> [Supplied data]
******

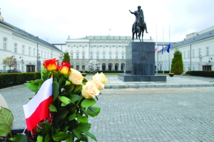 波蘭總統卡欽斯基乘坐的圖-154專機4月10日在俄羅斯西部城市斯摩棱斯克附近墜毀,機上包括波蘭總統及夫人、央行行長、三軍首長和眾位議員在內的97人無一生還,卡欽斯基原定于10日率團抵達斯摩棱斯克參加紀念“卡廷”事件70周年的活動。此次空難震驚了世界,波蘭舉國也陷入沉重悲哀之中。波蘭政府已宣布未來一周為全國悼念周。
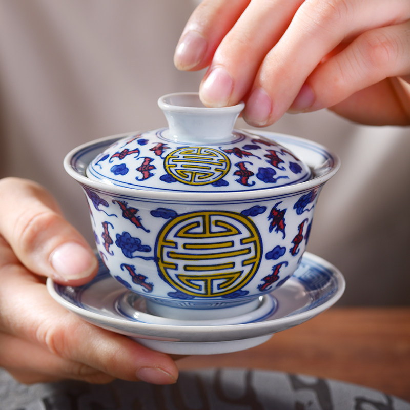 陶瓷盖碗大号盖碗茶杯茶碗青花瓷薄胎泡茶碗三才碗手抓壶敬茶碗
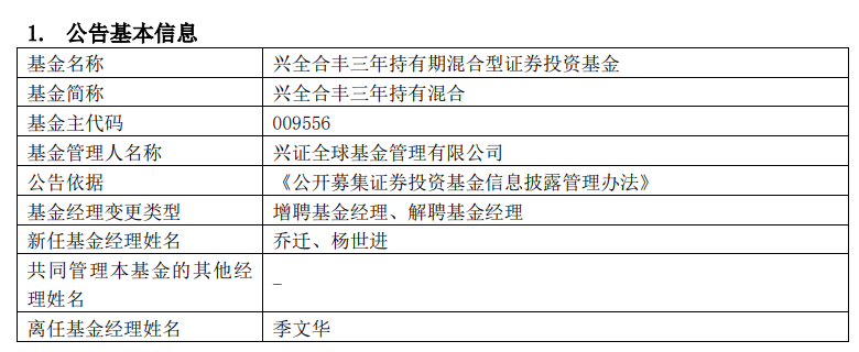 除了兴全趋势投资混合的基金经理进行调整之外,另外一只基金——兴全合丰三年持有混合的基金经理也进行了调整。
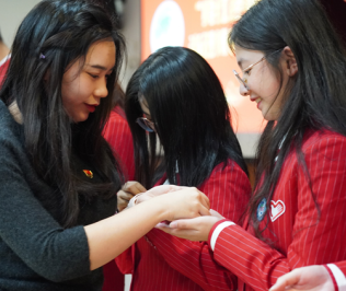 接着,新一届的小叶子们右手举拳,郑重宣誓,他们神情庄重,声音铿锵。铮铮的誓言表达了他们对进博会精神的传承、对进博先锋的表率,更承载着全体绿瓦学子的期待和重托。

******

> [What to do]
Repeat the data exactly, dropping every picture it holds.

> [Problem solution]
 波蘭總統卡欽斯基乘坐的圖-154專機4月10日在俄羅斯西部城市斯摩棱斯克附近墜毀,機上包括波蘭總統及夫人、央行行長、三軍首長和眾位議員在內的97人無一生還,卡欽斯基原定于10日率團抵達斯摩棱斯克參加紀念“卡廷”事件70周年的活動。此次空難震驚了世界,波蘭舉國也陷入沉重悲哀之中。波蘭政府已宣布未來一周為全國悼念周。
 陶瓷盖碗大号盖碗茶杯茶碗青花瓷薄胎泡茶碗三才碗手抓壶敬茶碗
 除了兴全趋势投资混合的基金经理进行调整之外,另外一只基金——兴全合丰三年持有混合的基金经理也进行了调整。
 接着,新一届的小叶子们右手举拳,郑重宣誓,他们神情庄重,声音铿锵。铮铮的誓言表达了他们对进博会精神的传承、对进博先锋的表率,更承载着全体绿瓦学子的期待和重托。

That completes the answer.